Integrated metabolome and transcriptome analysis provides insights on the floral scent formation in Hydrangea arborescens.

Hydrangea (Hydrangea arborescens var. "Annabelle") flowers are composed of sweet aroma sepals rather than true petals and can change color. Floral volatiles plays important roles in plants, such as attracting pollinators, defending against herbivores, and signaling. However, the biosynthesis and regulatory mechanisms underlying fragrance formation in H. arborescens during flower development remain unknown.
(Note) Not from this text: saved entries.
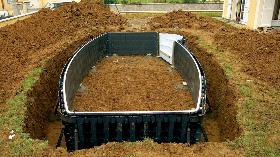 施工時には、このケーシングを設置した後、チムニー部分にコンクリートを打設することで、プール全体が強固な一体構造を形成します。
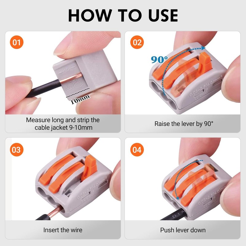 - 【Quick & Tool-Free Installation】 No more messy electrical tape! Just strip 9–10mm of wire, lift the orange lever, insert the wire, and close the clip. These lever wire connectors help reduce wiring time by up to 70%, making installation fast and hassle-free.
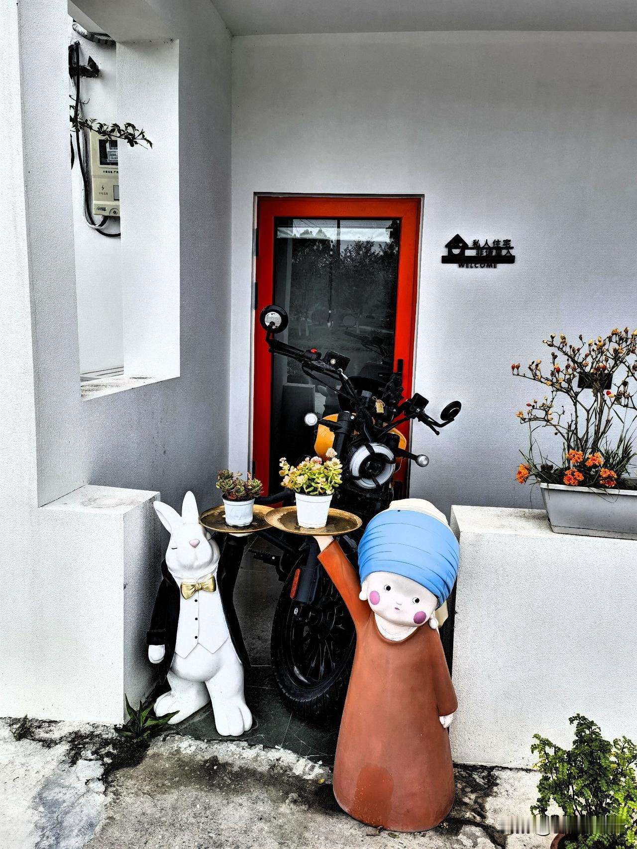 楼下油菜花开得正好,两只青蛙规规矩矩打着伞站在花丛里,神态严肃,在一家门口兔子和村姑各举一个托盘,托盘里放着花盆,像在说“欢迎光临”。

In this study, a combination of metabolite profiling and RNA sequencing (RNA-seq) was employed to identify genes associated with floral scent biosynthesis mechanisms in "Annabelle" flowers at three developmental stages (F1, F2, and F3). The floral volatile data revealed that the "Annabelle" volatile profile includes a total of 33 volatile organic compounds (VOCs), and VOCs were abundant during the F2 stage of flower development, followed by the F1 and F3 stages, respectively. Terpenoids and benzenoids/phenylpropanoids were abundant during the F2 and F1 stages, with the latter being the most abundant, whereas fatty acid derivatives and other compounds were found in large amounts during the F3 stage. According to ultra-performance liquid chromatography-tandem mass spectrometer analysis, benzene and substituted derivatives, carboxylic acids and derivatives, and fatty acyls play a significant role in the floral metabolite profile. The transcriptome data revealed a total of 17,461 differentially expressed genes (DEGs), with 7585, 12,795, and 9044 DEGs discovered between the F2 and F1, F3 and F1, and F2 and F3 stages, respectively. Several terpenoids and benzenoids/phenylpropanoids biosynthesis-related DEGs were identified, and GRAS/bHLH/MYB/AP2/WRKY were more abundant among transcription factors. Finally, DEGs interlinked with VOCs compounds were determined using Cytoscape and k-means analysis. Our results pave the way for the discovery of new genes, critical data for future genetic studies, and a platform for the metabolic engineering of genes involved in the production of Hydrangea's signature floral fragrance.